In that island, a much-touted Poverty Reduction Fund set up in 1998 and which gained widespread community support faced questions of corruption and led to successive audits by the government. In the end, no evidence of corruption was found though there were indications of "several administrative lapses and infelicities".
In Trinidad and Tobago, which has been benefiting from an expanding economy and falling unemployment, vigilance remains the word in the monitoring of poverty, and new mechanisms are being examined to alleviate the plight of an arguably growing under-class.
In 1998, for instance, a Hardship Relief Fund was established to, among other things, offset up to 25 percent of the water bills of poor households and, last year, a school-based Book Loan Scheme was introduced targeting 53,000 students. "Effective poverty reduction must incorporate policies and programmes that are geared to alleviating the plight of the poor, the socially displaced, the street children, the homeless and the elderly," Finance Minister Brian Kuei Tung said in his budget presentation last October.
Many, however, dispute a claim by the government that measures, such as an increase in government pensions to a minimum of 100 dollars a month, had effectively lifted such persons out of the poverty cycle.
There is general recognition, though, that further action in this area is needed. In Kuei Tung's words: "The benefits from development are not always equitably or fairly distributed."
In a poverty assessment survey conducted in St.

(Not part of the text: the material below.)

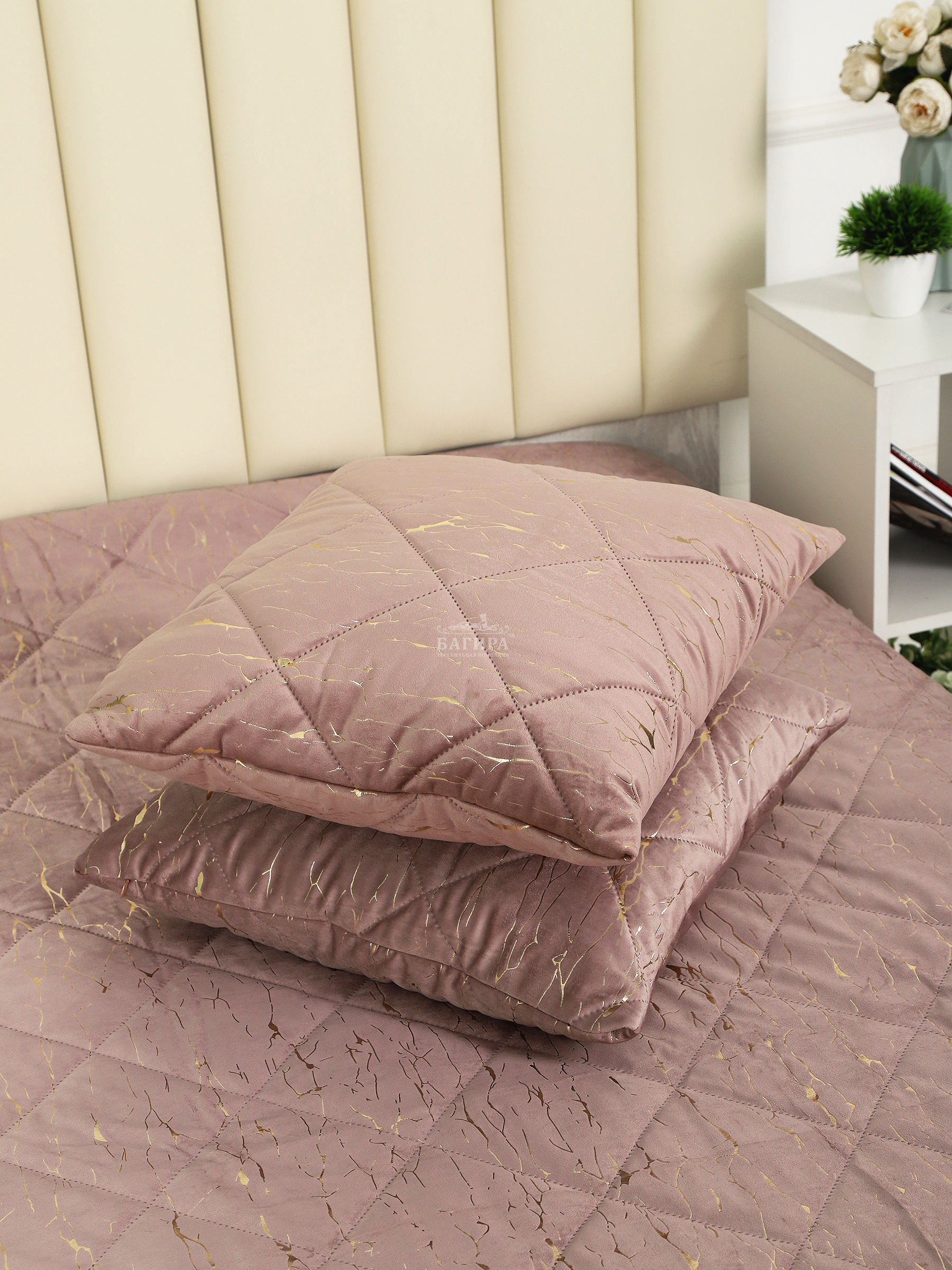 Подушка Бархат мрамор"LUXURY" Пудра

Vincent and the Grenadines, researchers made a similar point with reference to the allocation and availability of national resources.
"The Government needs to reorganise its tax regime in such a way that it can continue to maintain balance, having regard to the requirements to expand the economic and social infrastructure and to provide a safety-net for the vulnerable," the survey said. Measures such as these are specifically defined in the Declaration and Programme of Action of the 1995 World Summit for Social Development. But, in many cases, Caribbean governments have been hard-pressed to comply in the face of sharp declines in their economic fortunes.

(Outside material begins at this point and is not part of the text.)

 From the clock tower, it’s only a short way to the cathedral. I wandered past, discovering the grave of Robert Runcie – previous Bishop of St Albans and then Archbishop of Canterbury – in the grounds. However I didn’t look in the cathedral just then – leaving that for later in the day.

Against that backdrop, a role for the developed world is increasingly being defined, even in the face of a reversal of past trends.
Addressing the recent General Assembly of the Organisation of American States, St. Lucia's Foreign Minister, George Odlum noted that "the track record ... is rather in the direction of reducing assistance to developing countries and not increasing such assistance."
"As the new millennium beckons, a looming prospect of the digital divide threatens to make the insecure people of the developing world even more insecure and, consequently, even more desperate. Desperation breeds conflict," the minister warned. So far, countries of the Caribbean have staved off such a response to growing insecurities but recent conflict in Guyana, St. Vincent and the Grenadines and persistent political conflict in Jamaica are thought, by some, to be the seeds of a far more volatile future.